NEW DELHI: India will sell 50-year bonds for the first time, introducing ultra-long maturity debt to cater to the growing demand from insurance and pension funds.
The new bond adds to the 30-year and 40-year tenor debt sold, extending the nation’s yield curve, according to a borrowing plan released by the Reserve Bank of India on Tuesday.
The nation’s burgeoning life insurance and pension fund industries, driven by an expanding middle class, are changing the landscape for India’s $1 trillion sovereign debt market. The sale reflects their growing heft, and helps Prime Minister Narendra Modi’s government reduce its reliance on purchases by banks to fund record borrowings.
“Investor demand has been strong, supported by the expansion of the formal sector, with households allocating a higher share of financial savings in life insurance, pensions and provident funds,” Gaura Sen Gupta, economist at IDFC FIRST Bank wrote in a note.
The government will sell 30 billion rupees ($360 million) of the 50-year bond in the October to February period, which accounts for almost 5% of its total borrowings.
The growing footprint of life insurers — which now own a quarter of government debt — has already impacted the nation’s yield curve. Earlier in the year, longer-dated debt were priced at lower yields than shorter-maturity paper.
The yield on the 30-year bond has fallen 11 basis points to 7.34% this year, outpacing the drop in the 5-year note which has fallen seven basis points.

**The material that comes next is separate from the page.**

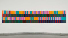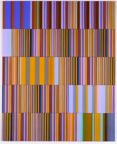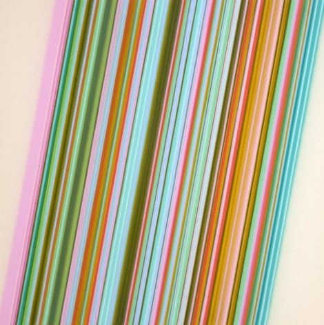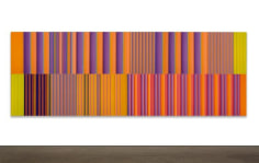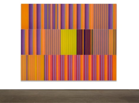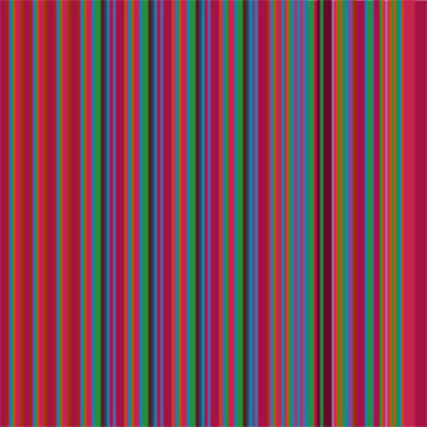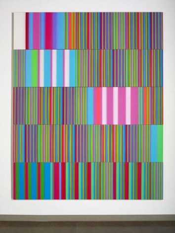 Music is the genesis of Tim Bavington's paintings. Through synthetic polymer paint, Bavington acts as a translator between the aural and the visual as he transforms guitar solos, melodies and bass lines into vertical bands of color. Tracks from bands such as The Beatles, The Jam, Oasis, and The Rolling Stones become vibrant bands of color, and bridge compositional concepts between seemingly unlike disciplines. Although Bavington has a method that designates sound to color and composition, the paintings are not literal translations; they remain open to intuition and decision-making, allowing for a distinct artistic presence.
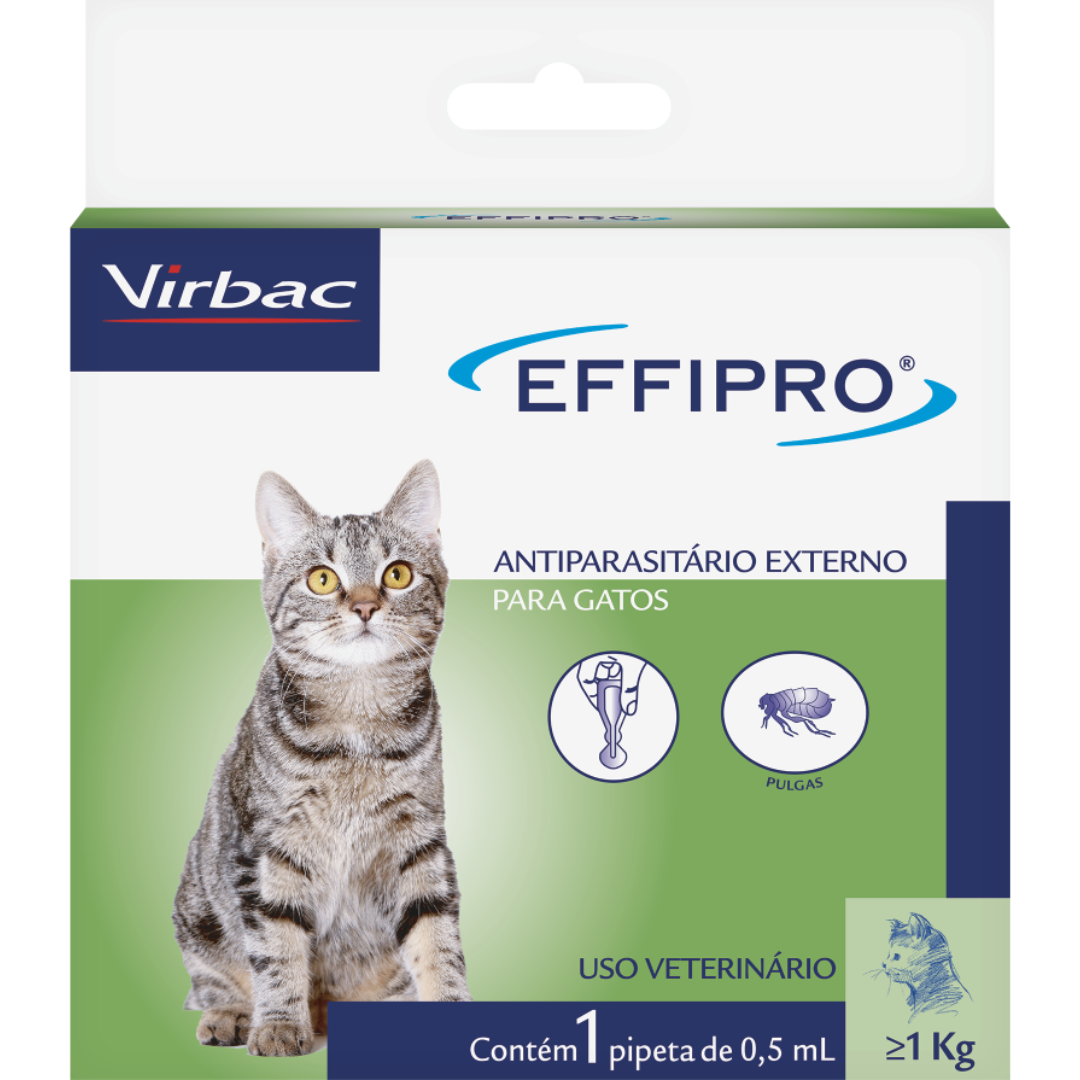 Effipro Gatos: Proteção Eficaz Contra Pulgas O Effipro Gatos é um tratamento de uso tópico (pipeta) à base de Fipronil, reconhecido mundialmente pela sua rapidez em eliminar parasitas. Desenvolvido especificamente para a fisiologia dos felinos, ele age diretamente no sistema nervoso dos insetos, garantindo um ambiente e um pet muito mais saudáveis. Por que escolher o Effipro? Ação Rápida: Começa a eliminar as pulgas logo após a aplicação, interrompendo o ciclo de picadas que causa irritação e alergias (como a DAPP). Proteção Prolongada: Uma única aplicação protege o seu gato por até 4 semanas contra novas infestações de pulgas. Segurança e Precisão: A pipeta conta com o sistema "Drop-Stop", que permite a aplicação exata sem desperdícios e sem que o produto escorra nos seus dedos. Resistente à Água: Mantém a eficácia mesmo que o animal se molhe (respeitando o intervalo de 48h após a aplicação). Como o Effipro funciona? O princípio ativo, Fipronil, se espalha naturalmente pela gordura da pele e pelos do gato. Ele não precisa entrar na corrente sanguínea para agir; o parasita morre ao entrar em contato com o pelo do animal. Isso é ideal para evitar que a pulga precise picar o gato para ser eliminada. Instruções de Uso e Cuidados Mantenha o gato em pé e afaste os pelos na região da nuca (onde ele não consegue lamber). Aplique todo o conteúdo da pipeta diretamente na pele. Evite dar banhos nos 2 dias anteriores e 2 dias posteriores à aplicação para garantir a absorção total. Pode ser utilizado em gatos e filhotes a partir de 8 semanas de vida ou com peso superior a 1kg. Dica Pro: Para um controle total, lembre-se que 95% das pulgas estão no ambiente (tapetes, sofás e caminhas). Enquanto trata o seu gato com Effipro, faça também a higienização do local onde ele dorme.

Modi’s administration will sell 6.55 trillion rupees of bonds in the fiscal second half, the central bank said. That’s in line with expectations and part of the record 15.43 trillion rupees full-year target.
There was concern earlier among traders that the government may increase its borrowing to fund additional spending ahead of next year’s federal elections.
“A reduction in capex or reliance on the small savings scheme are likely to be the first ports of call,” instead of extra borrowings later, according to a note from Nomura Holdings Inc. after the announcement.
The yield on the benchmark 10-year bond rose one basis point to 7.16%.